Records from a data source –
------------------------
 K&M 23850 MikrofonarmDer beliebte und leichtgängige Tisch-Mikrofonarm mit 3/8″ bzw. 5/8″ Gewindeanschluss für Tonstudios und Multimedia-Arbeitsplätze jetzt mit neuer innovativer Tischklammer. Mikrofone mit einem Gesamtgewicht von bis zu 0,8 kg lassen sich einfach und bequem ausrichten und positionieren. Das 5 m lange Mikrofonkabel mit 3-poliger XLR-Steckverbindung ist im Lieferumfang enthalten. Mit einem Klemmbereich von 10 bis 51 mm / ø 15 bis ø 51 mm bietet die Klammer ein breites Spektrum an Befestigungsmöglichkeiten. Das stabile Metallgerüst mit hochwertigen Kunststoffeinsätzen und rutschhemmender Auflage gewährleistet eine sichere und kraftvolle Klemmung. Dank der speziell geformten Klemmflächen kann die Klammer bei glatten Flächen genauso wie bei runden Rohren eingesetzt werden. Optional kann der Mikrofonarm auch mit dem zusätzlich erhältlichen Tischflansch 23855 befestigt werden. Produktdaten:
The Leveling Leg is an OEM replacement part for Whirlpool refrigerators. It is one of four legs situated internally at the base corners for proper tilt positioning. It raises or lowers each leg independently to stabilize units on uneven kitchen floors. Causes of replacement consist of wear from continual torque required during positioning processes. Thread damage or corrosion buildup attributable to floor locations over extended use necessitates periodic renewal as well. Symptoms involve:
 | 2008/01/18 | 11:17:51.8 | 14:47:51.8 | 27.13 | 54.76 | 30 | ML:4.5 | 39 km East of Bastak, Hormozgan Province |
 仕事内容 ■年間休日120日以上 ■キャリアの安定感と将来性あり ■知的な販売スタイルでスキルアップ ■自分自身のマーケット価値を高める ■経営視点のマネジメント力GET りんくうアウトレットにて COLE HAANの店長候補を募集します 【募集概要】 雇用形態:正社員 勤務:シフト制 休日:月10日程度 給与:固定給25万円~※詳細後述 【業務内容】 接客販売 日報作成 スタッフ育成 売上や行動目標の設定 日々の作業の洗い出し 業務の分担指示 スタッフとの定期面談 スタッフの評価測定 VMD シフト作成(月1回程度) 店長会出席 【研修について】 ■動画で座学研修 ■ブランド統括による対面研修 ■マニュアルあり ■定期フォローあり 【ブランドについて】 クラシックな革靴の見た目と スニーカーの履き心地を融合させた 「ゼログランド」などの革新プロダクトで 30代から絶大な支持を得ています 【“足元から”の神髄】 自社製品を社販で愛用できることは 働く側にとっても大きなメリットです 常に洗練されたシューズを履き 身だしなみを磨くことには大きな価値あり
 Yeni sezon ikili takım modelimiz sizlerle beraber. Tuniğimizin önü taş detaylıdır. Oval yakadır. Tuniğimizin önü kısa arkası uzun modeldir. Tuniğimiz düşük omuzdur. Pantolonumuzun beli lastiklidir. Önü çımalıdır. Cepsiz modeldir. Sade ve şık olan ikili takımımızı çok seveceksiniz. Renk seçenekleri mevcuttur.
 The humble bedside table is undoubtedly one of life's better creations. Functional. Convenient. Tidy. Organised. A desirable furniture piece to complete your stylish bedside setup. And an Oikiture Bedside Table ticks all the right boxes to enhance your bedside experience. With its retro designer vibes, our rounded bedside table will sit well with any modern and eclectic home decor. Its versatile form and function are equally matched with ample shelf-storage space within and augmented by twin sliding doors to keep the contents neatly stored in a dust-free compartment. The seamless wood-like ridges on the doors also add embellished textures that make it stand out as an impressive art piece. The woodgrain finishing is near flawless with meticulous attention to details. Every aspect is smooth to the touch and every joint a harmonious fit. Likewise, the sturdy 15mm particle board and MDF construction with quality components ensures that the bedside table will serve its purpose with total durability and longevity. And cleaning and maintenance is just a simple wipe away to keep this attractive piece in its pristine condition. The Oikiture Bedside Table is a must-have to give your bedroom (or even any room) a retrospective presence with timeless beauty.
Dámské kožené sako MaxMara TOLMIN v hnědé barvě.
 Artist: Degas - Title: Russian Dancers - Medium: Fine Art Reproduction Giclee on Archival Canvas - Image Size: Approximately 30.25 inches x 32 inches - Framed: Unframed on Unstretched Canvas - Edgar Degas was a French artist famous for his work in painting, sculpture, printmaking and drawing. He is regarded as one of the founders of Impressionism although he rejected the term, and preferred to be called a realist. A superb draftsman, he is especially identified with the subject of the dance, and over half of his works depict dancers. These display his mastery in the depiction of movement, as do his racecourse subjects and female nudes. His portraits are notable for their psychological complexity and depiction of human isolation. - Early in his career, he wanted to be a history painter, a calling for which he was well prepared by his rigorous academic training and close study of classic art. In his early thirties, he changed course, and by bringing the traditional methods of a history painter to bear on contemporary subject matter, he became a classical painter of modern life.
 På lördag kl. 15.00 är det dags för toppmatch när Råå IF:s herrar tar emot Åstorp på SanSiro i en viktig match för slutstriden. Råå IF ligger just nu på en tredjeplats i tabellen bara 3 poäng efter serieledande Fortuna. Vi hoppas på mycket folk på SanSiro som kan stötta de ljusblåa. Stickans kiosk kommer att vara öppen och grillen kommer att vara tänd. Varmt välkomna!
------------------------
What to work on – Will you return exactly the lines above from the one with "The humble bedside" down to the one with "Dámské kožené sako", counting both as part of the range?

Exercise response –
 The humble bedside table is undoubtedly one of life's better creations. Functional. Convenient. Tidy. Organised. A desirable furniture piece to complete your stylish bedside setup. And an Oikiture Bedside Table ticks all the right boxes to enhance your bedside experience. With its retro designer vibes, our rounded bedside table will sit well with any modern and eclectic home decor. Its versatile form and function are equally matched with ample shelf-storage space within and augmented by twin sliding doors to keep the contents neatly stored in a dust-free compartment. The seamless wood-like ridges on the doors also add embellished textures that make it stand out as an impressive art piece. The woodgrain finishing is near flawless with meticulous attention to details. Every aspect is smooth to the touch and every joint a harmonious fit. Likewise, the sturdy 15mm particle board and MDF construction with quality components ensures that the bedside table will serve its purpose with total durability and longevity. And cleaning and maintenance is just a simple wipe away to keep this attractive piece in its pristine condition. The Oikiture Bedside Table is a must-have to give your bedroom (or even any room) a retrospective presence with timeless beauty.
Dámské kožené sako MaxMara TOLMIN v hnědé barvě.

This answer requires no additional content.